Transverse CT slice through the posterior end of the endocranial cavity of juvenile Gorgosaurus libratus TMP 2016.014.0001(a), juvenile ornithomimid Ornithomimus edmontonicus TMP 2009.110.0001 (b), troodontid Stenonychosaurus inequalis TMP 1982.019.0023 (c), and ostrich Struthio camelus TLG SC080 (d; image data from Plateau et al. 2024) demonstrating a comparable cerebellar position in eutyrannosaurians (Gorgosaurus) and more derived coelurosaurs. Abbreviations: cb, cerebellar bulge; ls, longitudinal (occipital) sinus groove.

The floccular lobe (flocculus) is the only structure of the cerebellum that can be readily identified in the Gorgosaurus endocast at all ontogenetic stages. In juvenile Gorgosaurus, the flocculus is bulbous and long, extending posterior to the level of the common crus of the endosseous labyrinth (nearly reaching the posterior semicircular canal in TMP 2009.012.0014), a condition identical to that of the early‐diverging tyrannosauroid Dilong and the immature holotype specimen of the tyrannosaurine Alioramus altai (Bever et al. 2013; Kundrát et al. 2020). In larger Gorgosaurus and mature individuals of other eutyrannosaurians, the flocculus is tabular in shape and short, terminating anterior to the level of the common crus (Witmer and Ridgely 2009; Bever et al. 2013).

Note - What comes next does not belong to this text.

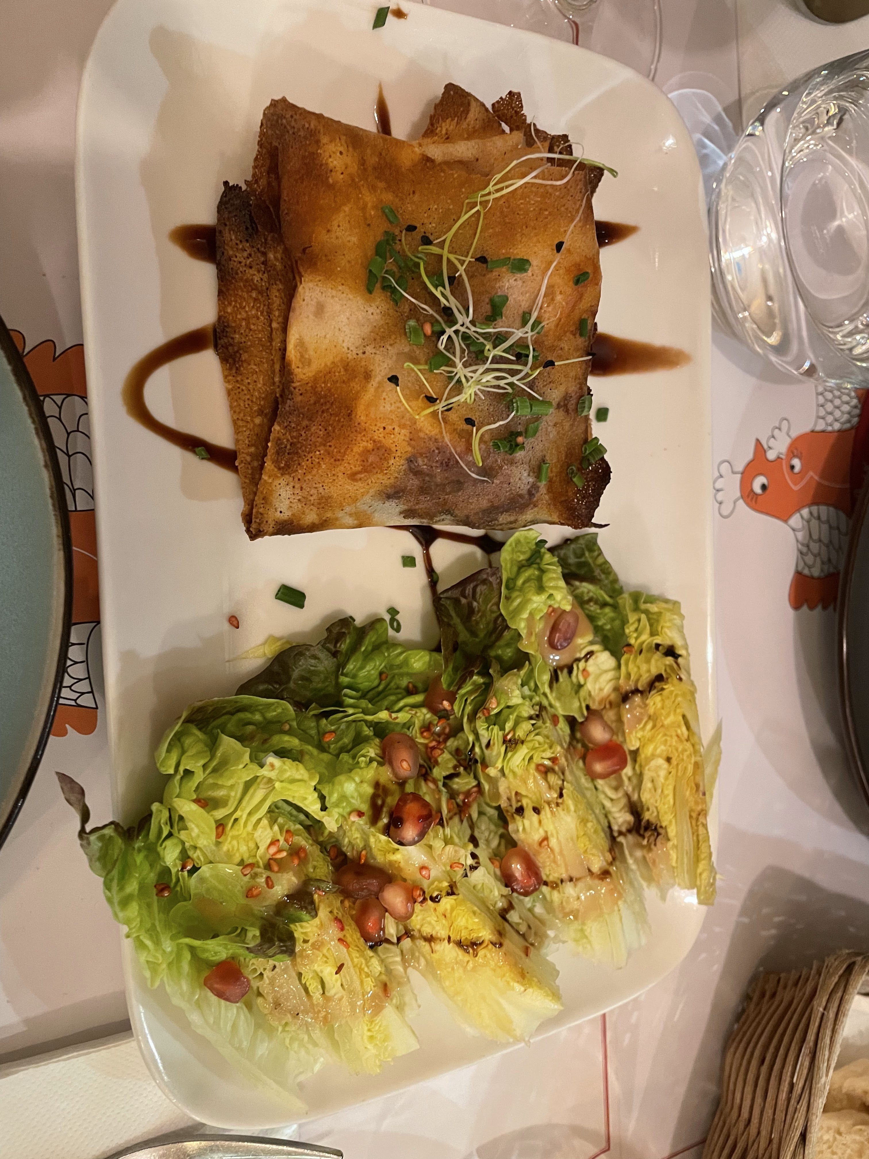 Nous avons beaucoup aimé les propositions de la carte. Nous avons pris plusieurs entrée toutes très bien préparée ! La rue est calme et plein de charme , nous étions très bien installée en terrasse

The pons is located anteroventral to the cerebellum and is easily identified by the roots of cranial nerves V–VIII. In all Gorgosaurus individuals examined, the pons extends posteroventrally from the cephalic flexure between the mid‐ and hindbrain to the pontine flexure, which marks the transition from the pons to the medulla oblongata.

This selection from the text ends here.